:: Requirement ::
All of the listing, from first line to last, should be output exactly; the pictures stay out.

[Opening Data extract section]

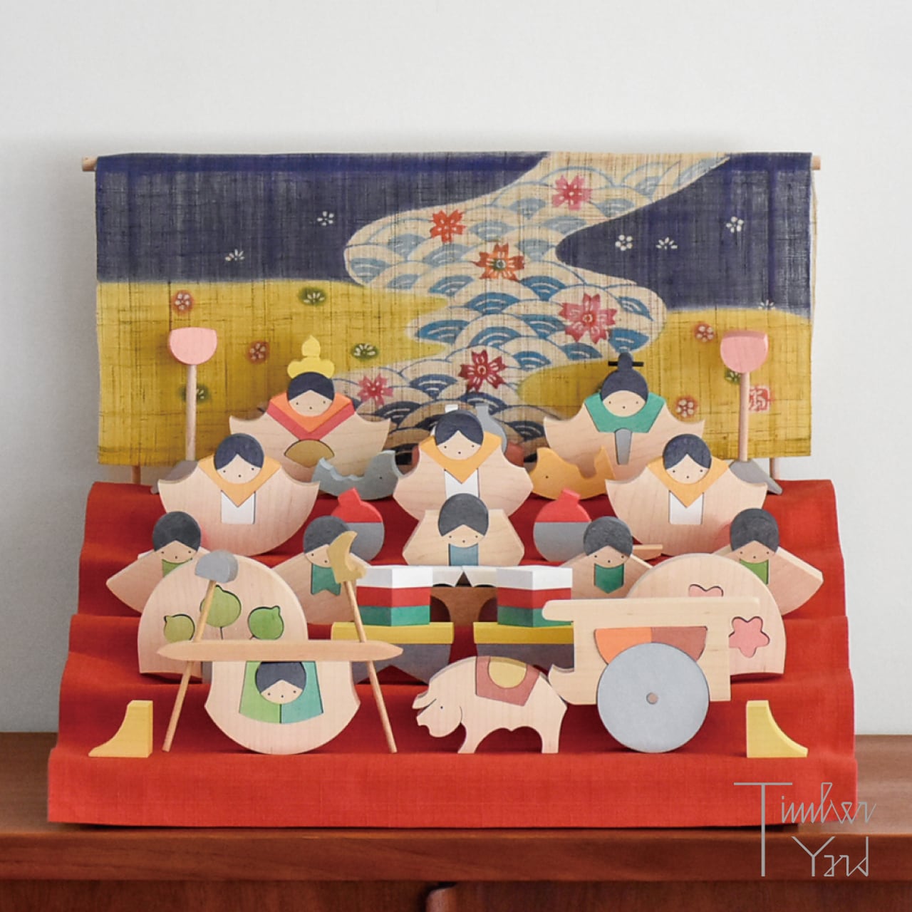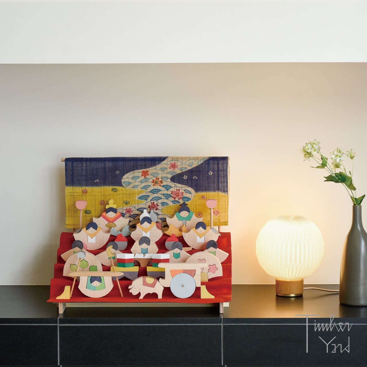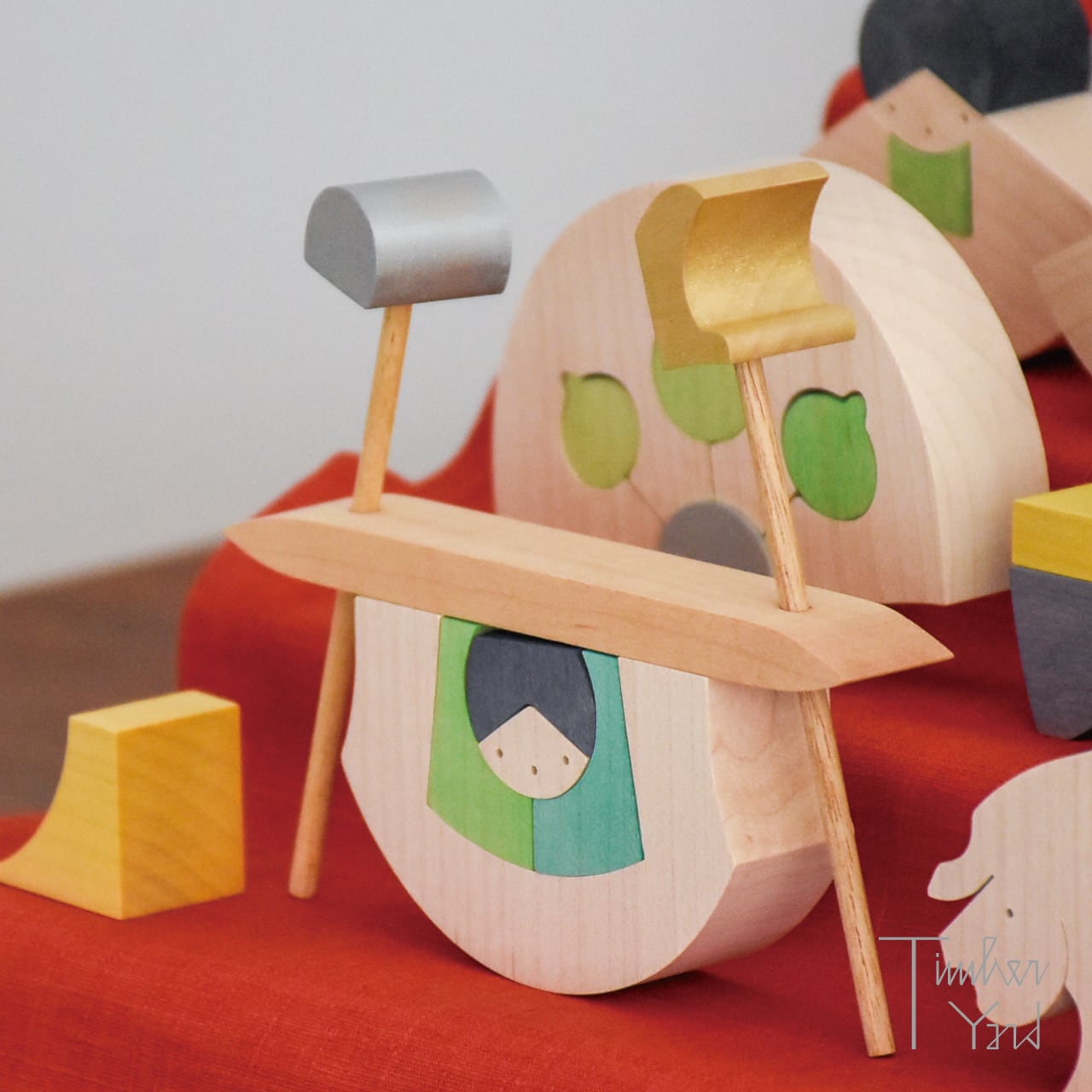 ◆組み木作家小黒三郎さんの節句人形は、木の温もりを感じる手作りならではの優しい風合いが特徴です。遊びを通して健やかに育ってほしいという願いが込められています。
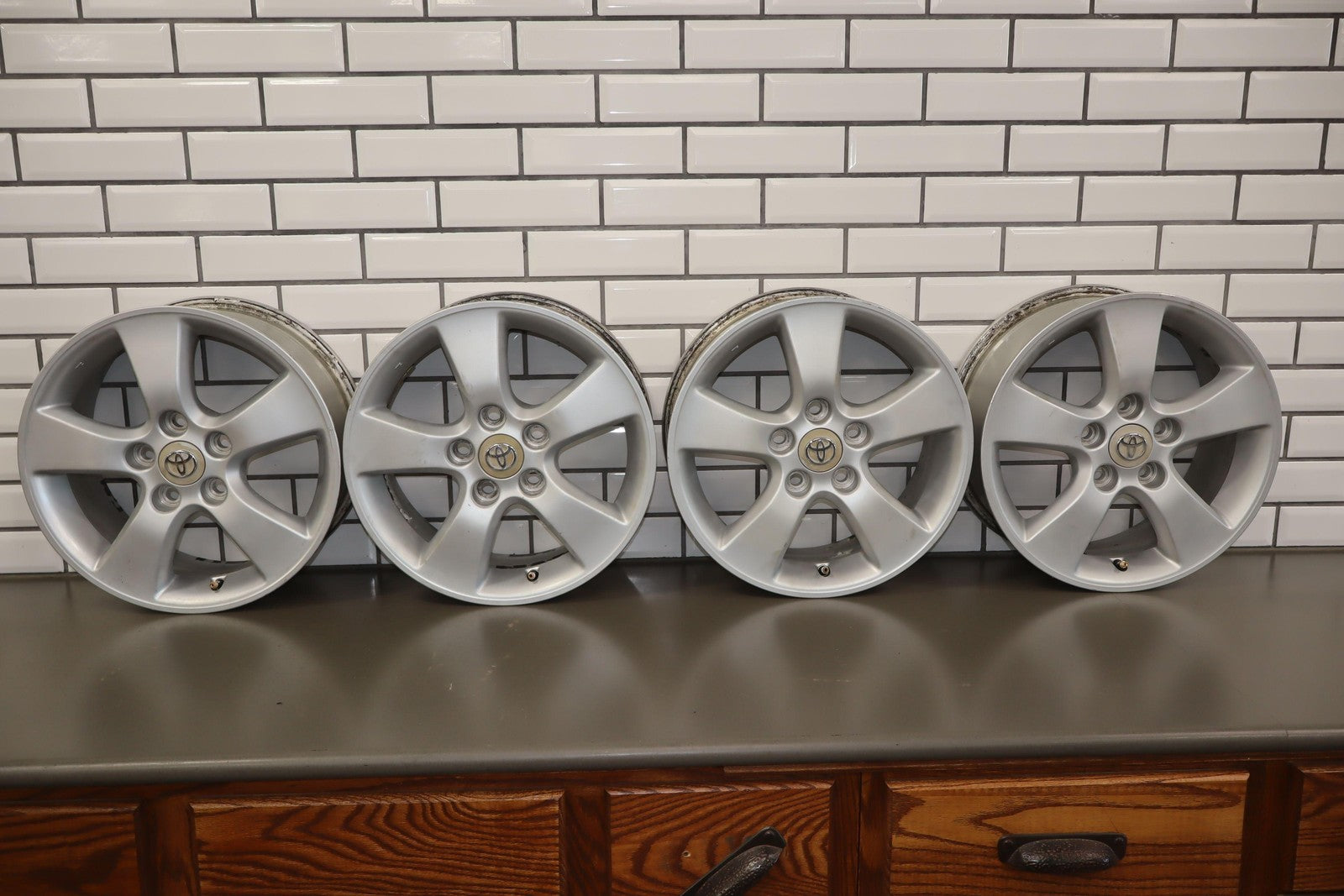 Set Of 4 Oem Toyota 5 Spoke Wheels, 16x6.5, Silver, Weathered Finish, All Spun True
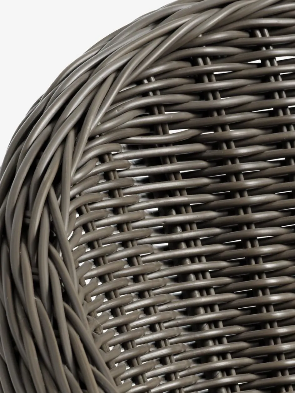 Ensemble meubles de jardin 4 places. Table: Aluminium et imitation bois. Incl. 2 rallonges pouvant être rangées sous le plateau. l95 x L206/264/321 x H76 cm. Chaise: Aluminium et polyrotin.

[Closing Data extract section]

:: Result ::
 ◆組み木作家小黒三郎さんの節句人形は、木の温もりを感じる手作りならではの優しい風合いが特徴です。遊びを通して健やかに育ってほしいという願いが込められています。
 Set Of 4 Oem Toyota 5 Spoke Wheels, 16x6.5, Silver, Weathered Finish, All Spun True
 Ensemble meubles de jardin 4 places. Table: Aluminium et imitation bois. Incl. 2 rallonges pouvant être rangées sous le plateau. l95 x L206/264/321 x H76 cm. Chaise: Aluminium et polyrotin.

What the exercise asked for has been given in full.